Saturday, March 27, 2010

3 Rate Tier Proposal for PGE

Many Silicon Valley residents could see their electricity bills rise by more than $100 a year under a new PG&E proposal that would cut rates for customers who use the most energy, such as those in scorching areas like the Central Valley.

PG&E says the change is needed because people in many parts of the state — particularly areas where boiling summer temperatures result in heavy use of air conditioners — have been hit with excessively high rate increases in recent years. But over the same period, said company spokesman Jonathan Marshall, rates have failed to keep pace with inflation for other customers, including many in the Bay Area.

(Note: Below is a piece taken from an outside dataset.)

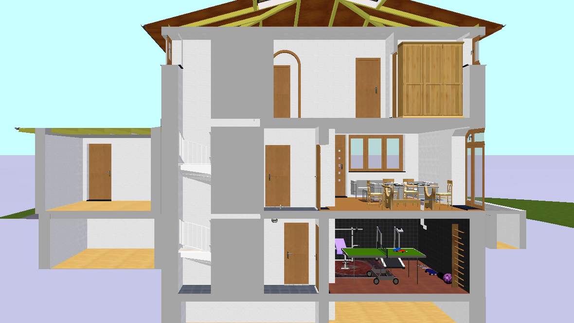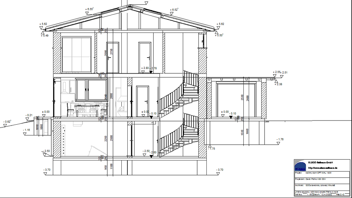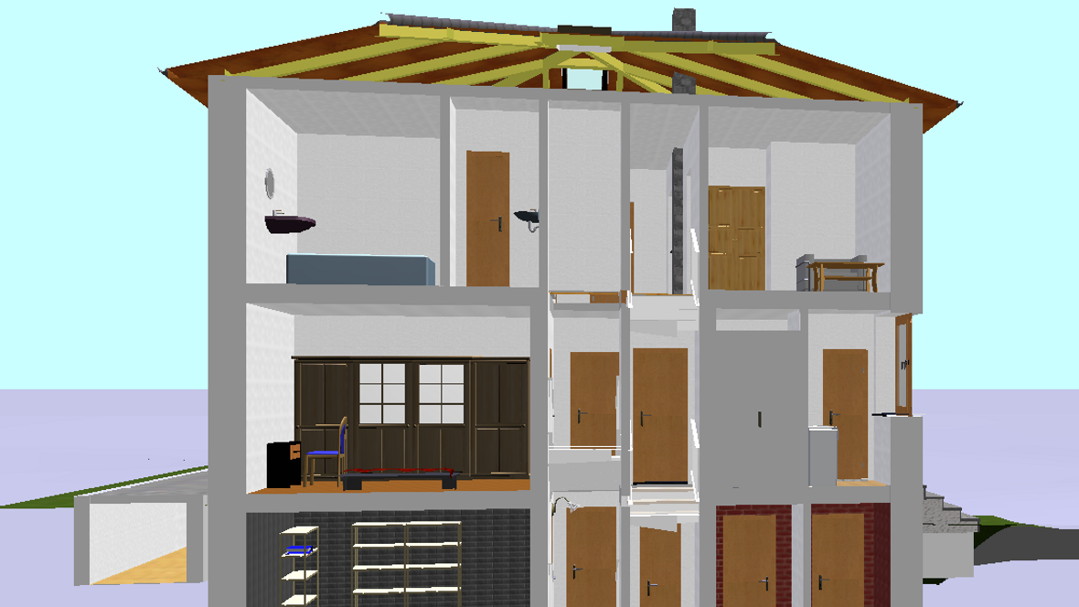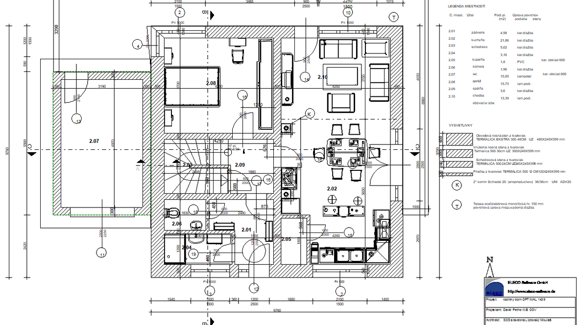 Rodinný dom s pôdorysnými rozmermi 9,78mx9,78m je trojpodlažný jednogeneračný. Je navrhnutý z pórobetónového stavebného systému Termalica tak, aby vyhovoval súčasným tepelnotechnickým požiadavkám nízkoenergetickej budovy na bývanie. Má stanovú strechu so sklonom 15° a s markízou tak, aby chránila vstup do objektu. Garážová strecha je plochá s minimálnym so sklonom 0,5°. Strešný plášť je zateplený 3 vrstvami tepelnej izolácie Rockwool . Podkrovie je presvetlené a prevetrané strešnými oknami VELUX Premium s rozmermi MK06 780/1180 v počte 2ks.

"The increase in costs we've seen have fallen almost entirely on higher-use customers, and while that has the benefit of promoting energy conservation, it's gotten to the point where it is no longer equitable," he said.

But advocates for some consumer and environmental groups said the proposal, which must be approved by the California Public Utilities Commission, would discourage PG&E customers from cutting back on electricity use.

"People who are low energy users will be penalized," while rewarding "people who by their own admission are the very highest end users," said Mark Toney, executive director of The Utility Reform Network, which closely monitors energy rates. "We just don't see how that makes sense."
Under its proposal, PG&E says customers who consume the statewide average of 550 kilowatts of electricity a month — typical in Silicon Valley and much of the Bay Area — would see their monthly electricity bill rise $10.73 to $88.13.

By contrast, the monthly bill for consumers using 1,500 kilowatts would decline an average of $108.62 to $371.46. Some people in the Bay Area use that much energy, although it is more common for residents in areas subject to higher extremes in temperature.

The proposed change is expected to be debated by the commission through the rest of this year. If it's approved, PG&E hopes to put it into effect in May 2011.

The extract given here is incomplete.